And now for complex numbers!!!

julia> x = 4.3 + 1.1im
4.3 + 1.1im

julia> besselkx_levin(v, x, Val(16))
0.5783561826343409 - 0.06993526928128495im

julia> besselkx(v, x)
0.578356182634341 - 0.0699352692812849im

So you might think that the complex version will be much much slower considering all the divisions and stuff but because we are able to vectorize it pretty well it is only about 3x slower than the real version (I'm sure I can play around with the sequence generation to get a bit faster).
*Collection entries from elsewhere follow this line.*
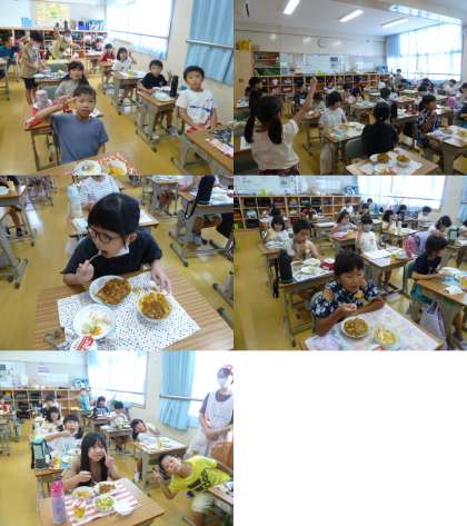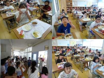 また、今日は食べようデーでした。普段は残りがちな麦ごはんですが、カレーということもあり、いつもよりたくさん食べてくれました。完食できたクラスは明日のお昼の放送で発表します。お楽しみに〜。
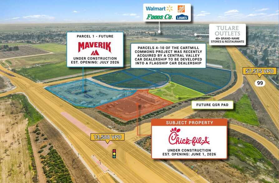 For sale is a new construction Chick-Fil-A ground lease featuring a 15-year initial term, scheduled rental escalations, and multiple option periods. The subject property is currently under construction with an anticipated June 1, 2026 store opening, offering investors secure long-term income backed by one of the most productive quick-service restaurant brands in the country.
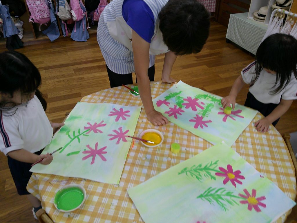 コスモスを絵の具で描いてみました。それぞれ、自分の素敵なコスモスを描くことができました。
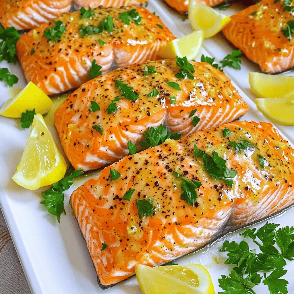 For a beautiful plate, serve the salmon on a white platter. Add lemon wedges beside the fish and sprinkle fresh parsley on top. This makes the dish look vibrant and inviting. Pair your salmon with sides like roasted vegetables, rice, or a fresh salad for a complete meal. These sides complement the flavors of the salmon perfectly.
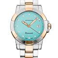 Женские кварцевые часы Epos из коллекции Ladies Diamonds — это элегантный аксессуар, сочетающий швейцарское качество и изысканный дизайн. Корпус диаметром 36 мм и толщиной 9 мм выполнен из нержавеющей стали 316L, безель с частичным PVD-покрытиемPVDУльтратонкое покрытие наносится в технике вакуумного напыления, сочетает в себе нитрид титана особой прочности со слоем золота или оксида хрома. Несёт в себе декоративную или защитную функцию. розового золота. Циферблат с перламутровой вставкой бирюзового оттенка выполнен по технологии «солнечные лучи» и украшен синтетическими бриллиантами. Циферблат защищён сапфировым стекломСапфировое стеклоПрочный и надёжный материал из кристалла сапфира синтетического происхождения, характеризующийся особой твёрдостью и устойчивостью к царапинам и повреждениям.. Метки в виде точек инкрустированы бриллиантами. Стрелки с люминесцентным покрытиемЛюминесцентное покрытиеПозволяет считывать показания времени в темноте. Производители наносят на стрелки, часовые индексы, безель или поверхность циферблата светонакопительный состав, дающий холодное свечение., обеспечивающим хорошую читаемость в темноте. Окошко даты расположено в положении 3 часов. Механизм — швейцарский кварцевый калибр Ronda 705. Часы оснащены стальным браслетом комбинированного цвета на раскладной застёжкеРаскладная застёжкаТакой тип застёжки используется только на браслетах из металла. Она никогда не раскрывается полностью, происходит разделение на 2 и более частей. Раскладывающая застёжка снизит вероятность потери часов к минимуму.. Водонепроницаемость 50 м позволяет использовать часы в повседневных условиях.
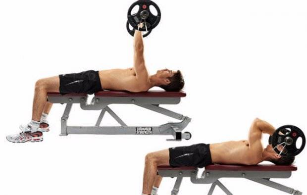 Из разных положений, например, из положения лежа на спине, необходимо поднять штангу на вытянутых руках. Следует следить за плечами: они должны оставаться на скамье, сгибаются только руки в локтевых суставах.
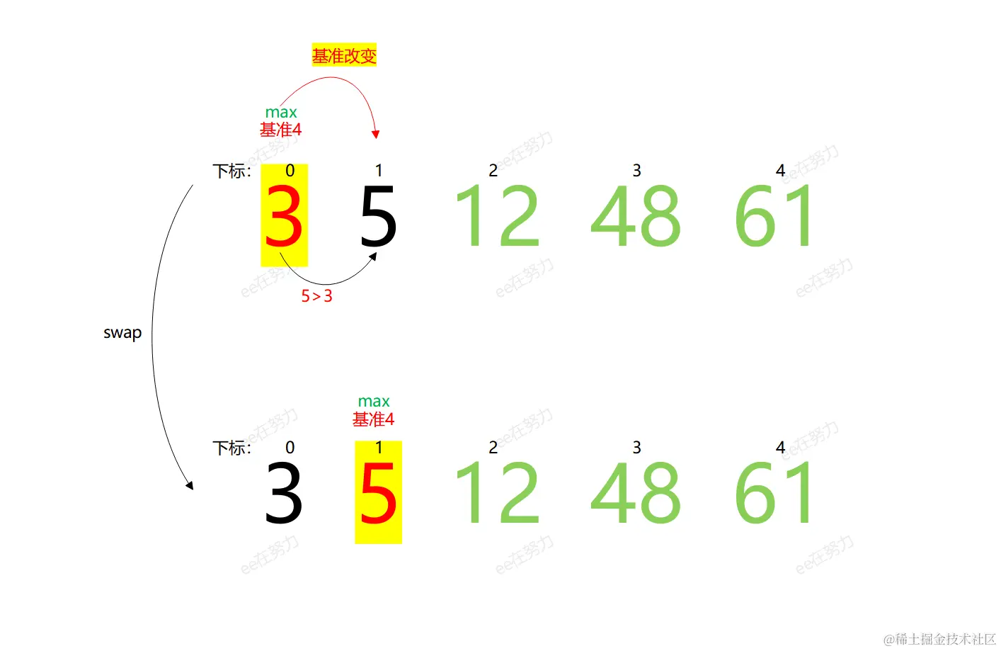 此时基准在下标为0的位置,初始化max=3,3与后面的元素作比较,5>3,此时max=5,不交换位置。此时5已经来到了倒数第4个位置,后面的数已经排序完成,因此5不需要再跟它们比较。此时待排数组变成[3 5 12 48 61],第四趟选择排序比较结束,此时进行了4次比较,也就是N-1次,因此冒泡排序结束,得到排序数组为[3 5 12 48 61]。
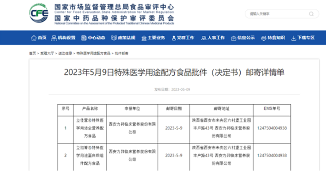 2023年5月9日,國家市場(chǎng)監督管理總局公布,力邦營(yíng)養的兩款產(chǎn)品:
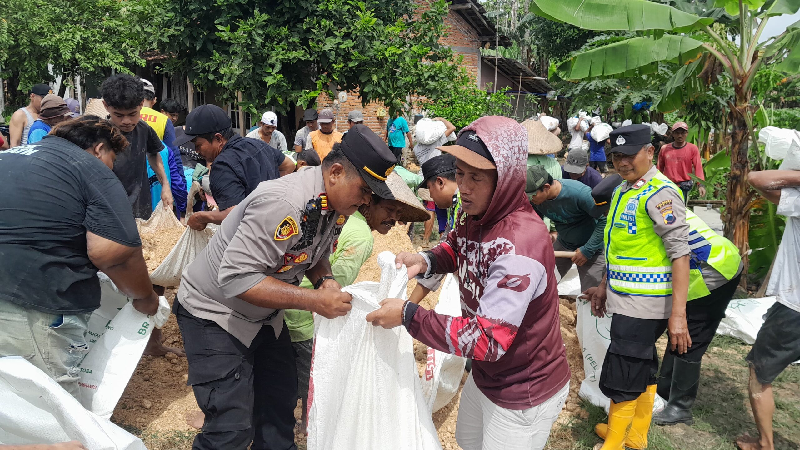Kegiatan yang dimulai sekitar pukul 09.00 WIB tersebut dipimpin langsung Kapolsek Sukolilo AKP Sahlan, S.H., M.M., dan melibatkan puluhan personel Polri, TNI, aparat kecamatan, pemerintah desa, serta masyarakat setempat. Kerja bakti difokuskan pada penguatan tanggul yang dinilai rawan jebol saat debit air Sungai Juwana meningkat.
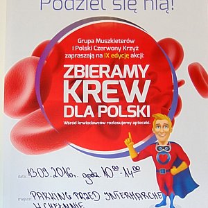 Pod takim hasłem w dniu 13.09.2016 została zorganizowana IX edycja akcji zbierania krwi. Organizatorami corocznej inicjatywy była Grupa Muszkieterów oraz Polski Czerwony Krzyż.
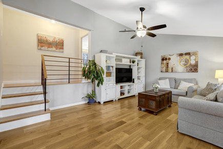 Welcome home to this beautifully updated 3-bedroom, 2-bath rambler in the highly sought-after Kings Park West community! This light-filled home features an open-concept design with soaring cathedral ceilings, a newly renovated kitchen, and gleaming hardwood floors throughout.

julia> @benchmark besselkx_levin($v, $x, Val(16))
BenchmarkTools.Trial: 10000 samples with 803 evaluations.
 Range (min  max):  155.110 ns  180.239 ns  ┊ GC (min  max): 0.00%  0.00%
 Time  (median):     155.340 ns               ┊ GC (median):    0.00%
 Time  (mean ± σ):   155.431 ns ±   0.667 ns  ┊ GC (mean ± σ):  0.00% ± 0.00%

    ▄▆███▆▄▁                                               ▁▁   ▂
  ▄█████████▃▁▃▃▃▃▁▁▁▁▁▁▁▁▁▁▁▁▁▁▁▁▁▁▁▁▁▁▁▁▁▁▁▁▁▁▁▁▁▁▁▁▃▄▇█████▇ █
  155 ns        Histogram: log(frequency) by time        158 ns <

 Memory estimate: 0 bytes, allocs estimate: 0.

Now that I'm looking at the code more we can just combine the real and complex version and have a branch because of the type information that will be eliminated at runtime for the versions.

@cgeoga
Copy link
Contributor

cgeoga commented Mar 29, 2023

Okay, not sure if this is the right place for it, but I've been playing with ForwardDiff AD on this routine and I have found one issue: half-integer orders. The reason for this is because the uniform and argument-based asymptotic expansions actually terminate after a finite number of terms for v+1/2 an integer. But of course that doesn't mean partial information doesn't continue. So the issue is with

[...]
abs(term) <= eps(T) && return out * sqrt/ 2x)
[...]

But if you just comment that out, then the inv(term) now blows up and you end up getting a NaN out once all is said an done.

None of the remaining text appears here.